Ein weiterer wichtiger Baustein, den jeder selbst in der Hand hat, ist die Umstellung auf eine gesunde Ernährung. Selbst zubereitete Mischkost mit viel Obst und Gemüse, Fisch und Vollkornprodukten, aber wenig Zucker und Salz, tierischen Fetten und Zusatzstoffen (wie in verarbeiteten Lebensmitteln) hat positive Effekte. Zudem sollten Menschen mit Multipler Sklerose nicht rauchen. Rauchen ist ein Risikofaktor und die Betroffenen sollten alles daran setzen, die Nikotinsucht zu überwinden. Wer es allein nicht schafft, findet Unterstützung: Viele Krankenkassen haben Angebote zur Raucherentwöhnung, z.B. „Nichtrauchertrainings“.

Multiple Sklerose und Schwangerschaft

Während der Schwangerschaft nimmt die Wahrscheinlichkeit für einen Schub ab. In den ersten drei Monaten nach der Geburt nimmt sie zu. Stillen scheint vor Schüben zu schützen. MS-Medikamente können sich auf das ungeborene Kind auswirken, weswegen besondere Vorsicht geboten ist. Nicht jedes Medikament darf in der Schwangerschaft gegeben werden. Eine Schwangerschaft sollte daher möglichst in einer stabilen Phase der Erkrankung geplant und Medikamente eher abgesetzt werden - zumal sie, wie oben beschrieben, einen gewissen Schutz vor Schüben bietet. Die Therapie eines schweren Schubes mit Kortison ist in der Schwangerschaft ab dem zweiten Schwangerschaftsdrittel möglich. Wenn Kortison im ersten Schwangerschaftsdrittel gegeben wird, besteht ein erhöhtes Risiko, dass das Kind mit einer Lippen-Kiefer-Gaumenspalte geboren wird. Die meisten Immuntherapien werden allerdings über die Muttermilch an den Säugling weitergegeben, was die Entscheidung über einen Therapiebeginn verkompliziert.

Leben mit Multipler Sklerose

MS ist eine chronische Erkrankung. Verunsicherung - ein besseres Wort gibt es wohl nicht für das, was Menschen mit Multipler Sklerose oft empfinden. Wie geht es weiter im Leben? Kann ich meine privaten und beruflichen Träume und Pläne noch verwirklichen? Was kann ich gegen diese Krankheit tun? Ein selbstbestimmtes Leben mit MS ist möglich. Multiple Sklerose steht grundsätzlich weder einer Ausbildung noch der Berufsausübung, Freundschaften, Sport, sozialen Kontakten oder der Gründung einer Familie im Wege.
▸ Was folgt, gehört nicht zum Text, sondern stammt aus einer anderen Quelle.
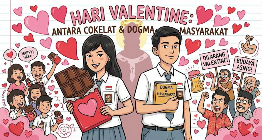 Aku diam sejenak, berpikir untuk membeli coklat dari promosi OSIS. Jika berharap coklat yang kubeli itu untuk orang lain maka nilaimu untuk berharap adalah nol. Tentu aku akan memakannya sendiri. Salah satu guruku bilang tidak boleh merayakan hari Valentine, sama halnya dengan keluargaku dan aku bertanya dalam hati, “mengapa tidak?”. Padahal, inti ajaran agama juga menempatkan cinta sebagai nilai luhur: kasih sayang pada sesama, keluarga, dan kemanusiaan..
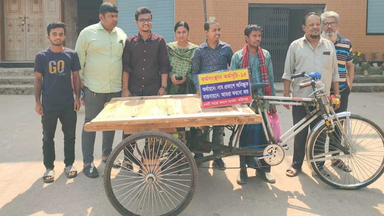 জানা গেছে,ভাঙ্গা উপজেলার আজিমনগর ইউনিয়নের ব্রাহ্মণপাড়া গ্রামের বাসিন্দা ভ্যানচালক চান মিয়ার ভ্যানটি চুরি হয় চার মাস আগে।এরপর বেকার ও অসহায় হয়ে পড়েন তিনি।তিন ছেলেমেয়ে আর স্ত্রীর তিন বেলা খাবার জোটানো কষ্টসাধ্য হয়ে পড়ে তার।স্থানীয় বাসিন্দারা কিছু সাহায্য তুলে দেন,যা দিয়ে বাজার করে সংসার চালিয়েছেন এতদিন।বিষয়টি স্থানীয় কয়েকজন ফরিদপুরের স্বেচ্ছাসেবী সংগঠন ‘আমরা করবো জয়’-এর নজরে আনলে তাকে নতুন ভ্যান দেয়ার উদ্যোগ নেয় সংগঠনটি।
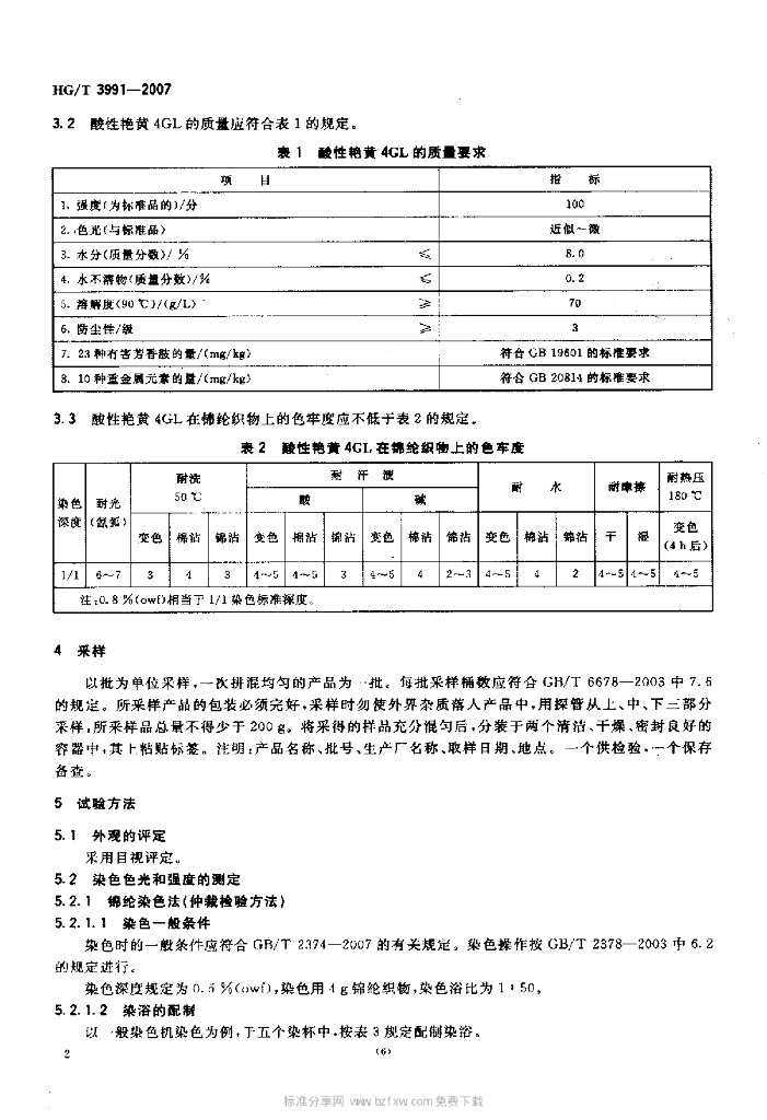 HG/T 3991-2007 酸性艳黄 4GL(C.I. 酸性黄 49)
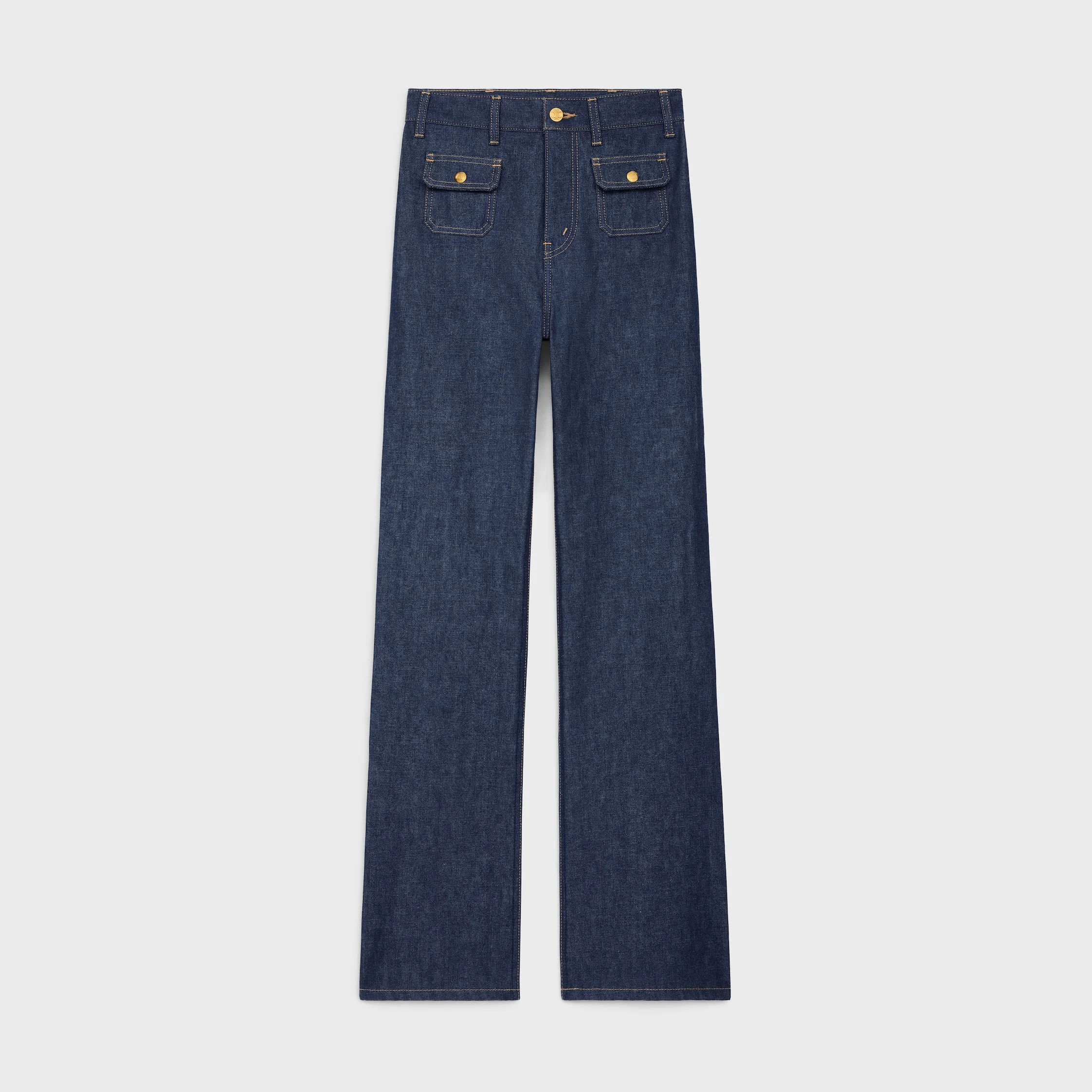 DETAILS 100% COTTON RAW WASH CLASSIC FIT MID-RISE FLARED LEG 2 PATCH POCKETS WITH FLAP AND TRIOMPHE BUTTONS 2 PATCH POCKETS ON THE BACK ZIP AND TRIOMPHE BUTTON MADE IN JAPAN REFERENCE: RP05X558Z.07IA
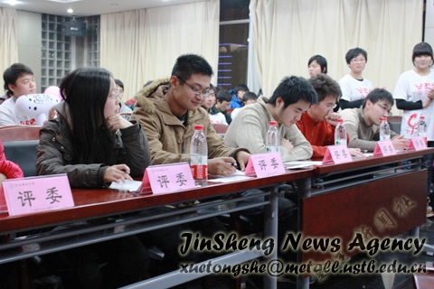 第二届“钢魂杯”新生辩论赛初赛第一场在青钢报告厅举行。本科11级辅导员张瑜老师应邀出席。评委有院学生会主席孙德鹏、副主席汪毅捷以及10级院辩论队队员:杨兴昊、李婷、秦洋、任建澜、马玉松。此次大赛的主要目的是通过辩论来拉近新生们的距离并为11级院辩论队挑选优秀人才。
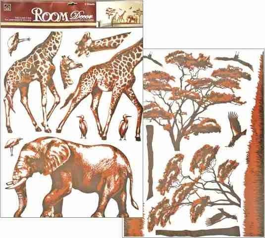 Samolepky na zeď safari, 80x50 cm. Snadné použití! Vhodné na stěny, okna, zrcadla, kachličky a jiné hladké plochy! NÁVOD: Opatrně sejměte samolepku z podkladového papíru a umístěte ji na zvolenou suchou a čistou plochu. Vyhlaďte od středu ke krajům.
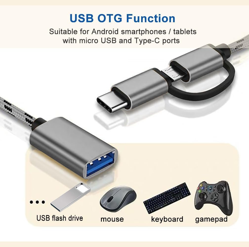 About this productDual interface design, The USB adapter cable suitable for Android as well as TYPE-C interface. 2-in-1 usb c to usb adapter cable converts from USB-C to USB-ACompatible DevicesThe USB C and Micro USB to USB adapter is compatible with most smartphones, tablets and laptops with USB C or Micro USB ports, such as Samsung Galaxy S7/S8/S9/S10/S20/S21/S22/Note 20/A53, Google Pixel, MacBook Pro/Air, HUAWEI and more.
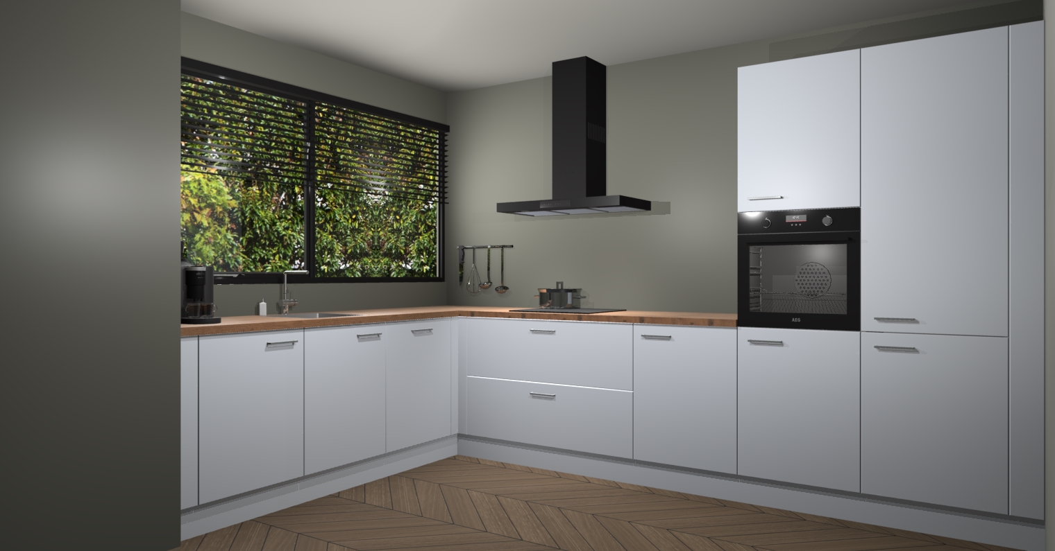 Met een modern, tijdloos design en ruime opslagruimte, zult u zich in no-time thuis voelen in uw nieuwe keuken. Uw leven wordt eenvoudiger met de soft-close deuren die voor het ultieme stille comfort zorgen - geen geluid dat u stoort terwijl u kookt. Ook is de keuken voorzien van 5 ingebouwde apparaten: een oven, inductie kookplaat, afzuigkap, vaatwasser en koelkast. Deze kunnen gemakkelijk na bestelling worden bijgewerkt naar AEG - waardoor uw luxe ervaring compleet is.
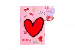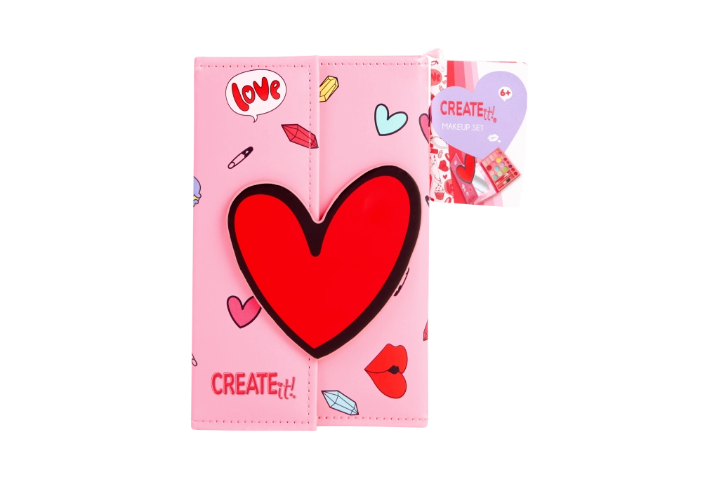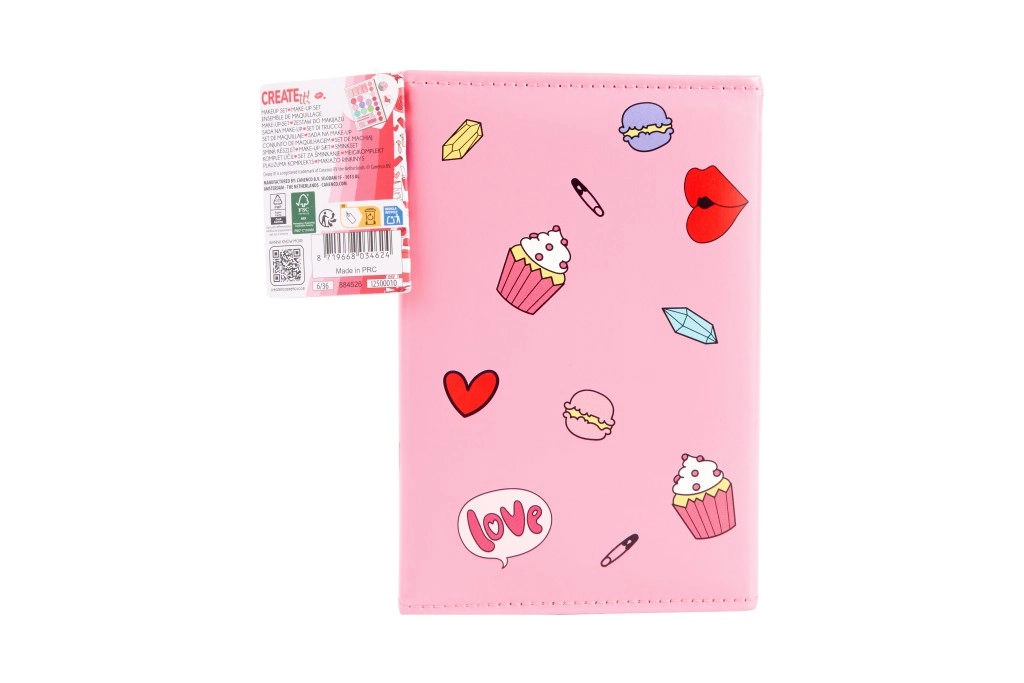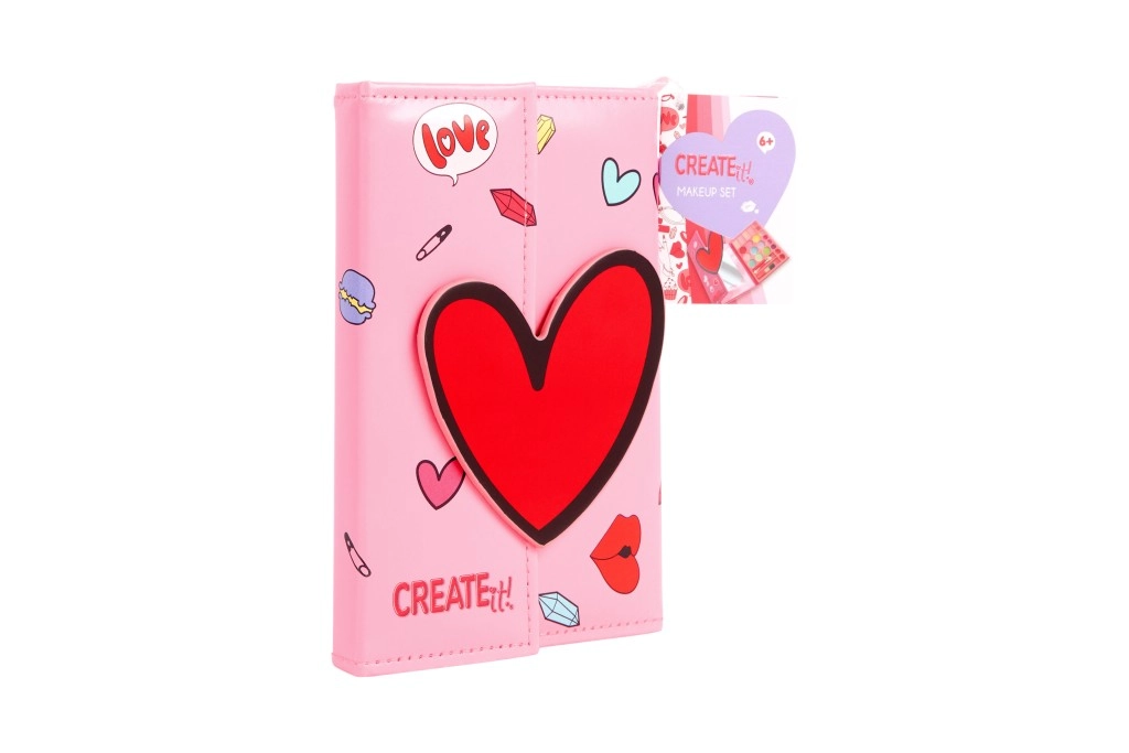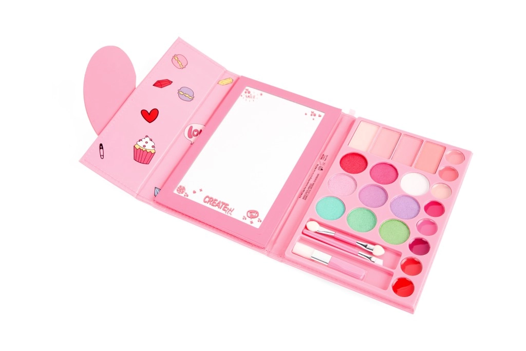 Ontdek de creatieve wereld van make-up met de CREATE IT! kinderset in de vorm van een magnetisch boek. Dankzij de slimme opvouwbare etui met hartje is alles overzichtelijk geordend, makkelijk mee te nemen en direct klaar voor gebruik. Kleurvolle paletten en accessoires stimuleren veilig experimenteren, prikkelen de fantasie en bevorderen de fijne motoriek.

Mithilfe der zahlreichen Therapieoptionen und der aktiven Vermeidung von Risikofaktoren und Umstellung seines Lebensstils lässt sich die Erkrankung heute gut kontrollieren. Die allermeisten Menschen mit Multipler Sklerose (MS) können ein selbstständiges und selbstbestimmtes Leben führen und lange Zeit mobil bleiben.